Artificial intelligence, applied to the field of medicine, has mainly entered through the door of diagnosis, drug design and statistics, but more and more doors are opening for new technological advances that take advantage of it. And the most recent has to do with a garment capable of keeping track of devices that control our health.
A team of scientists at the University of Southern California has developed an artificial intelligence (AI)-powered system to track these small devices that monitor disease markers in the gut. Devices that use the new system can Help at-risk people manage the health of their gastrointestinal tract at homewithout the need for invasive testing in hospital environments.
Gas formed in the intestines when bacteria break down food can offer information about a person's health. Until now, to measure gases from the gastrointestinal tract, doctors use direct methods, such as flatus collection and intestinal tube collection, or indirect methods, such as breath tests and stool analysis. Ingestible capsules offer a promising alternative, but technologies of this type have not been developed to accurately detect gases and it is very complex to follow their path through the intestinal tract to obtain accurate information.
To address this problem, a team led by Yasser Khan has developed a system, described in a paper in Cell Reports Physical Science, that includes a wearable coil that the user can hide under a T-shirt or other clothing. The coil creates a magnetic field that interacts with sensors embedded in an ingestible pill after it has been swallowed. The AI analyzes the signals received by the pill and shows where the device is in the intestine with a margin of error of just a few millimeters. Additionally, the system monitors real-time 3D ammonia concentrations, an indicator of a bacteria linked to ulcers and gastric cancer, through the device's optical gas detection membranes.
“Ingestible devices They are like Fitbits for the intestine – Khan notes – but tracking them once ingested has been a major challenge until now.”

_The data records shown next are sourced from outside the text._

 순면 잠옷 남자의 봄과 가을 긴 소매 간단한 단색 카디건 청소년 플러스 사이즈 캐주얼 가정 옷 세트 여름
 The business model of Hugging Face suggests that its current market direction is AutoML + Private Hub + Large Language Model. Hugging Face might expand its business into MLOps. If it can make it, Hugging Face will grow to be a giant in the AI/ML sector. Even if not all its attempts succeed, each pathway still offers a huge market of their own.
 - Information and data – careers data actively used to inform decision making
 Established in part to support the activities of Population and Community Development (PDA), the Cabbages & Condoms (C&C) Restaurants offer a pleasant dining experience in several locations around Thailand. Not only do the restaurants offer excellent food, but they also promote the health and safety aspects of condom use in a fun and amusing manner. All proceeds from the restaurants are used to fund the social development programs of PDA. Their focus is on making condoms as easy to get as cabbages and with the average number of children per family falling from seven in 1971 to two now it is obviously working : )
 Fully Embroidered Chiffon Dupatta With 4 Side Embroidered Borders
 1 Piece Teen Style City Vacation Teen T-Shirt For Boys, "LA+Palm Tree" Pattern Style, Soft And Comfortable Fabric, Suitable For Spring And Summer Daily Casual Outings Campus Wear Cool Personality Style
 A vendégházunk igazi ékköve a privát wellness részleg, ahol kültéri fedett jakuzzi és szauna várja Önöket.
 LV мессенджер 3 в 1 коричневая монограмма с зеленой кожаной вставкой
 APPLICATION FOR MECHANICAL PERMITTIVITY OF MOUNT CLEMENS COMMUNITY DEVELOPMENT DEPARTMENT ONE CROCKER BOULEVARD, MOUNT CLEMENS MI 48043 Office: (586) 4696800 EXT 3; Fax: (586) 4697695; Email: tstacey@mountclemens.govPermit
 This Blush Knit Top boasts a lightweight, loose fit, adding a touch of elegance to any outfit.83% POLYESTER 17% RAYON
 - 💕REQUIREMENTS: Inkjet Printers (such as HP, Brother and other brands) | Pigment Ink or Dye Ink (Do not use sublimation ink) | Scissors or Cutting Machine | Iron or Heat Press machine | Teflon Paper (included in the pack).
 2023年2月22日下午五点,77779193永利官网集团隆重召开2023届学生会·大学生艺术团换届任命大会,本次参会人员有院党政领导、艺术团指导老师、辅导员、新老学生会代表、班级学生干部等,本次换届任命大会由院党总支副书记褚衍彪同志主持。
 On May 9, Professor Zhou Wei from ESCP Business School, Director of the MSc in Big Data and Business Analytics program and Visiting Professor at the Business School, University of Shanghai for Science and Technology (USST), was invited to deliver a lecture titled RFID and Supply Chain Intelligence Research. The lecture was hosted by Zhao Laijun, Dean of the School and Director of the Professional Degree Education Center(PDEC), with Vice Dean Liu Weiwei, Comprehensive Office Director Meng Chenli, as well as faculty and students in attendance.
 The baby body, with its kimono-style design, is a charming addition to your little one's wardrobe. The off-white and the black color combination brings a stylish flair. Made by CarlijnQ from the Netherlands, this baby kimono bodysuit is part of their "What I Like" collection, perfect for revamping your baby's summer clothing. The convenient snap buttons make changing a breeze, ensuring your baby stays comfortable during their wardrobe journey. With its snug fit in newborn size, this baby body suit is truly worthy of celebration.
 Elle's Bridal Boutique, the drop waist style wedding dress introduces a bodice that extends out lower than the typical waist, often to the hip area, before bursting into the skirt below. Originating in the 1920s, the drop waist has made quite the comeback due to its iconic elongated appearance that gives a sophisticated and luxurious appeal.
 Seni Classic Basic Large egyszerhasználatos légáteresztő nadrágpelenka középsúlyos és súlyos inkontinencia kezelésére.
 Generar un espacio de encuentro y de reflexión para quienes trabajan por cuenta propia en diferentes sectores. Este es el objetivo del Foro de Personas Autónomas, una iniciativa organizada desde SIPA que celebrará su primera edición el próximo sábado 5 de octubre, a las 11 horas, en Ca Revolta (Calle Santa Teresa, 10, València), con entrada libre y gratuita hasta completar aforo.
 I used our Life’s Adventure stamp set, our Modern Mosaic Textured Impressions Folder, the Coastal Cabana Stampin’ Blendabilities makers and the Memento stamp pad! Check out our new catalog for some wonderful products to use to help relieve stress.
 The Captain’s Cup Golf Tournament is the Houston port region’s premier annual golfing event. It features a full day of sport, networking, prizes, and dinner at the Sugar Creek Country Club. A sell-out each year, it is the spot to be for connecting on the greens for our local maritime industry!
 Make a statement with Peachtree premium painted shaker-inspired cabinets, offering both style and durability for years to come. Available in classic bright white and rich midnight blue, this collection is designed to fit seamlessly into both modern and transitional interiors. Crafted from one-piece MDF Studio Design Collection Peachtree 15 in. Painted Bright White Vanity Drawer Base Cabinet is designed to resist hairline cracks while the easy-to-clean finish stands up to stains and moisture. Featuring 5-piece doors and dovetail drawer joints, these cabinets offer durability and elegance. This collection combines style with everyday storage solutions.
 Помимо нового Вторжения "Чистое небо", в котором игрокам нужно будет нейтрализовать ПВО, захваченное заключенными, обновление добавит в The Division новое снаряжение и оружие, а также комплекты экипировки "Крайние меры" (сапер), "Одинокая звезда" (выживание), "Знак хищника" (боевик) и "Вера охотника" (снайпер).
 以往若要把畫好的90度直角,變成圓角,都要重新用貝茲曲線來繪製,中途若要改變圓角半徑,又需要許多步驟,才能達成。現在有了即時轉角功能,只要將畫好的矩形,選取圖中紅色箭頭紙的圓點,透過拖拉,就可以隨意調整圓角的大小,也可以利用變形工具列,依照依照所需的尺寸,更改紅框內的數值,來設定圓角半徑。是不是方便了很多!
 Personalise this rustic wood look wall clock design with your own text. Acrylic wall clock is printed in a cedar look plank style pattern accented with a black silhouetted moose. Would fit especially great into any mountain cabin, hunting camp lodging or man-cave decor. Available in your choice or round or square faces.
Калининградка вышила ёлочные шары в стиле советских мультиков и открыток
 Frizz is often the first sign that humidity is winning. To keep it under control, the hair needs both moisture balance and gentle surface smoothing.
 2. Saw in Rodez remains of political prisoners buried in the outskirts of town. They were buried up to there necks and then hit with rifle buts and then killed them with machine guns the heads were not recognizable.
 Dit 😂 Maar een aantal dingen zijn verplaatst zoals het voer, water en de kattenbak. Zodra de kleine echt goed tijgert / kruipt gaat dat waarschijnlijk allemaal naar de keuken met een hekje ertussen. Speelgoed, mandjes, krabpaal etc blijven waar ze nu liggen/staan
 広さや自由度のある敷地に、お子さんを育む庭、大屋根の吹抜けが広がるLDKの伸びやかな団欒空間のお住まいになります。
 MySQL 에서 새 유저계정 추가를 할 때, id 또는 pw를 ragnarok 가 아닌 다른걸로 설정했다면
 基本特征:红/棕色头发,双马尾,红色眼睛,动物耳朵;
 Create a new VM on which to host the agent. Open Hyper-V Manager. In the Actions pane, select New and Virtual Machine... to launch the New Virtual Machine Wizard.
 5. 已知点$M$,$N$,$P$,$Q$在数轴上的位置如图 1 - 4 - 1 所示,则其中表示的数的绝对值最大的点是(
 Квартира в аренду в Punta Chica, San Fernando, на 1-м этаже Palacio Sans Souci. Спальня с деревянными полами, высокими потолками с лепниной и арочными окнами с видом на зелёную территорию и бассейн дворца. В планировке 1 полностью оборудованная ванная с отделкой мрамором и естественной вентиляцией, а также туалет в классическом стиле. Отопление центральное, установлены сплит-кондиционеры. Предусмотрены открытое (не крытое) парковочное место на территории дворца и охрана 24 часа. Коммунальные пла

While previous attempts to track ingestibles as they travel through the intestine have relied on bulky desktop coils, the portable coil can be used anywhere, the study explains. The technology may also have other applications beyond measuring gastrointestinal tract gases, such as identify the inflammation in the intestine caused by Crohn's disease and deliver medications precisely to these regions.
The researchers tested the system's performance in a variety of media that mimic the gastrointestinal tract, including a simulated cow intestine and liquids designed to replicate stomach and intestinal fluids.
“During these tests, the device demonstrated its ability to determine its location and measure oxygen and ammonia levels,” adds Khan. Any ingestible device can use the technology we have developed. Successful results from these trials will bring the device closer to readiness for human clinical trials. “We are optimistic about the practicality of the system and believe that it will soon be applicable for use in humans.”